Enfin, si l’on s’oppose à la fois à l’invasion russe et à l’Otan, qu’est-ce que cela signifie concrètement ? Si nous nous prononçons contre une zone d’exclusion aérienne, si nous ne voulons pas voir des bases de l’Otan dans les États baltes aux frontières de la Russie, quelle solution militaire concrète proposons-nous à la place ? Nous devons répondre que nous ne commandons pas d’États ou d’armées, et il serait absurde de répondre comme si nous le faisions, ou comme si nous jouions à un jeu informatique impliquant un scénario fantastique où nous commandons des forces de l’OTAN ou de la Russie. Nous ne proposons pas une solution militaire, mais une solution politique.

  • Nous appelons à la fin de la guerre et aux forces russes de quitter l’Ukraine.
  • Nous sommes aux côtés du peuple courageux de Russie qui s’est publiquement opposé à la guerre.
  • Nous espérons que l’issue de la guerre affaiblira Poutine et encouragera le peuple russe à s’organiser contre sa classe dirigeante corrompue et néolibérale.
  • Nous exigeons que les réfugiés ukrainiens soient autorisés à entrer en Grande-Bretagne sans visa – et que les réfugiés de n’importe quel autre pays puissent faire de même.
  • Nous appelons à l’annulation de la dette de l’Ukraine afin que les ressources puissent être affectées à la reconstruction du pays.

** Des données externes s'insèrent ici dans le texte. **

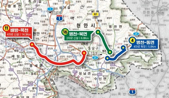 특히, 신방목천 국도대체우회도로가 개통되면 천안형 외곽순환도로망이 완성돼 도심 교통 혼잡을 해소하고 지역 간 이동과 도심 접근성이 크게 개선될 것으로 기대된다. 또한, 병천동면 21번 국도 확장과 병천~북면 57번 국지도 개설은 교통 흐름의 분산과 차량 통행 시간 단축을 가져올 전망이다.
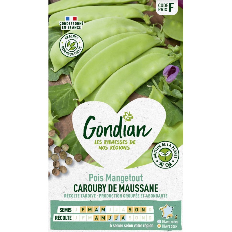 Cette variété produit des cosses longues. plates. légèrement arquées. à peau vert brillant et au goût très sucré. Ses grains sont bruns tachetés de violet. Productive. elle offre une récolte groupée. Ce pois se consomme aussi bien cru que cuit.|

  • Nous ne faisons pas un instant confiance au gouvernement de Johnson alors qu’il a accepté les dons des milliardaires russes et donné à Evgeny Lebedev un siège à la Chambre des lords.

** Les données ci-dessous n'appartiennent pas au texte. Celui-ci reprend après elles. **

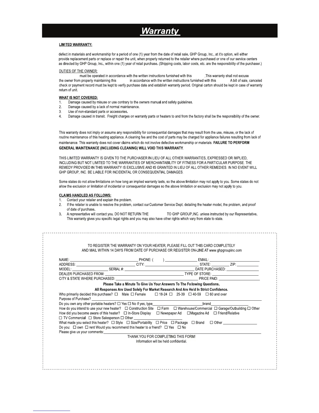 Dyna-Glo WHF100 - Warranty Information

  • Nous ne comptons pas sur les forces de l’OTAN pour arrêter la guerre alors que la Grande-Bretagne et l’Amérique ont tué des milliers de personnes en Afghanistan depuis 2001 et ont maintenant laissé le pays mourir de faim. Nous appelons la Grande-Bretagne à quitter l’OTAN et à abolir l’OTAN.
  • Nous devrions de toute urgence augmenter la part de l’approvisionnement énergétique de la Grande-Bretagne que nous obtenons des énergies renouvelables, en gardant le carbone dans le sol et en réduisant les conflits impérialistes sur l’accès au gaz et au pétrole, et nous opposer à toute tentative de rétablir la fracturation hydraulique ou de redémarrer le forage pétrolier ou gazier en mer du Nord.